Top of Supplied records

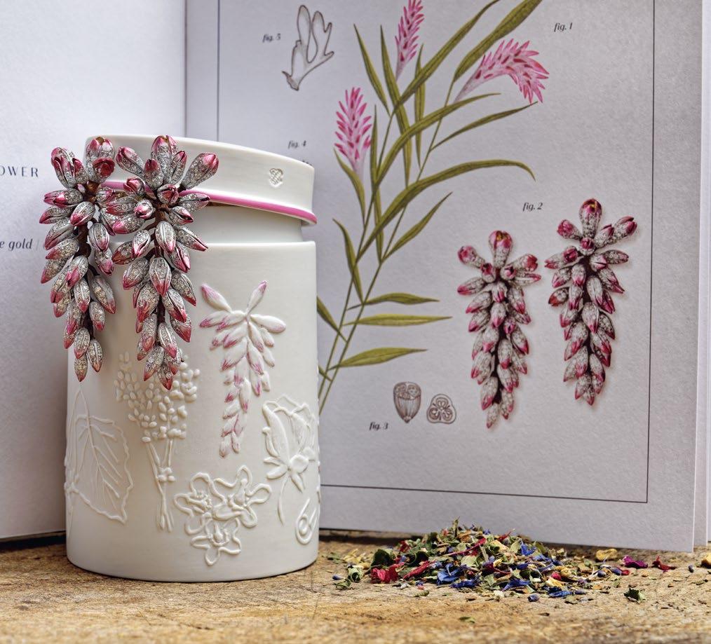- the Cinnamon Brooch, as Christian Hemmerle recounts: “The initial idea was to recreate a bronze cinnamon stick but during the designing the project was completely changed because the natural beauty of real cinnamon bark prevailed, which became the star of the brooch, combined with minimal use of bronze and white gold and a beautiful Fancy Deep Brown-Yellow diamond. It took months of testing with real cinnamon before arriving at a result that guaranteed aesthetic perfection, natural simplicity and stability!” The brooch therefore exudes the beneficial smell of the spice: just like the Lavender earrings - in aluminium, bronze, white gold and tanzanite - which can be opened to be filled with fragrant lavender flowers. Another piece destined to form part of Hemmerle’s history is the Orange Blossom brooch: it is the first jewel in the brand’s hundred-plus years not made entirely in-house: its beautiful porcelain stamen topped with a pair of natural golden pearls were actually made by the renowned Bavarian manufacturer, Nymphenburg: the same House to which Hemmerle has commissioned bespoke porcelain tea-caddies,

Bottom of Supplied records
Top of Supplied records

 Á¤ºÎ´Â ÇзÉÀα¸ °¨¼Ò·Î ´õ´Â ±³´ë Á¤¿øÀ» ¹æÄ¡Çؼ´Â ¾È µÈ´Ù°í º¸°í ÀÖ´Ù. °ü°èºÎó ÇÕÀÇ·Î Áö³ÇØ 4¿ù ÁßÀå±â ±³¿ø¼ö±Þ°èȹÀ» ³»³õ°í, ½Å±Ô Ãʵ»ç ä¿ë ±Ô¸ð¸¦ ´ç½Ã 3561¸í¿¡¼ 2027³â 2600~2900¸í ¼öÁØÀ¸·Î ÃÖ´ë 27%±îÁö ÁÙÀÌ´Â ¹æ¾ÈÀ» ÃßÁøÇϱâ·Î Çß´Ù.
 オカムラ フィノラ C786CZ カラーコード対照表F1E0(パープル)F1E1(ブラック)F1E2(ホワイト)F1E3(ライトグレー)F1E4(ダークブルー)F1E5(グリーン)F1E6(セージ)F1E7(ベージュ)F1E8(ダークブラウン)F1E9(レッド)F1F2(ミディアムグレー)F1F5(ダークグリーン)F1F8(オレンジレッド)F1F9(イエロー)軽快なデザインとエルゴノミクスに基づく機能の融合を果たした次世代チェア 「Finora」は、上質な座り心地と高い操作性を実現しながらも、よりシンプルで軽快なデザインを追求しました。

Bottom of Supplied records

**What the task requires**
Copy the lines of the data above exactly as written, beginning with the line containing "Á¤ºÎ´Â ÇзÉÀα¸ °¨¼Ò·Î" and ending with the line containing "オカムラ フィノラ C786CZ", and leave out all other lines.

**Exercise solution**
 Á¤ºÎ´Â ÇзÉÀα¸ °¨¼Ò·Î ´õ´Â ±³´ë Á¤¿øÀ» ¹æÄ¡Çؼ´Â ¾È µÈ´Ù°í º¸°í ÀÖ´Ù. °ü°èºÎó ÇÕÀÇ·Î Áö³ÇØ 4¿ù ÁßÀå±â ±³¿ø¼ö±Þ°èȹÀ» ³»³õ°í, ½Å±Ô Ãʵ»ç ä¿ë ±Ô¸ð¸¦ ´ç½Ã 3561¸í¿¡¼ 2027³â 2600~2900¸í ¼öÁØÀ¸·Î ÃÖ´ë 27%±îÁö ÁÙÀÌ´Â ¹æ¾ÈÀ» ÃßÁøÇϱâ·Î Çß´Ù.
 オカムラ フィノラ C786CZ カラーコード対照表F1E0(パープル)F1E1(ブラック)F1E2(ホワイト)F1E3(ライトグレー)F1E4(ダークブルー)F1E5(グリーン)F1E6(セージ)F1E7(ベージュ)F1E8(ダークブラウン)F1E9(レッド)F1F2(ミディアムグレー)F1F5(ダークグリーン)F1F8(オレンジレッド)F1F9(イエロー)軽快なデザインとエルゴノミクスに基づく機能の融合を果たした次世代チェア 「Finora」は、上質な座り心地と高い操作性を実現しながらも、よりシンプルで軽快なデザインを追求しました。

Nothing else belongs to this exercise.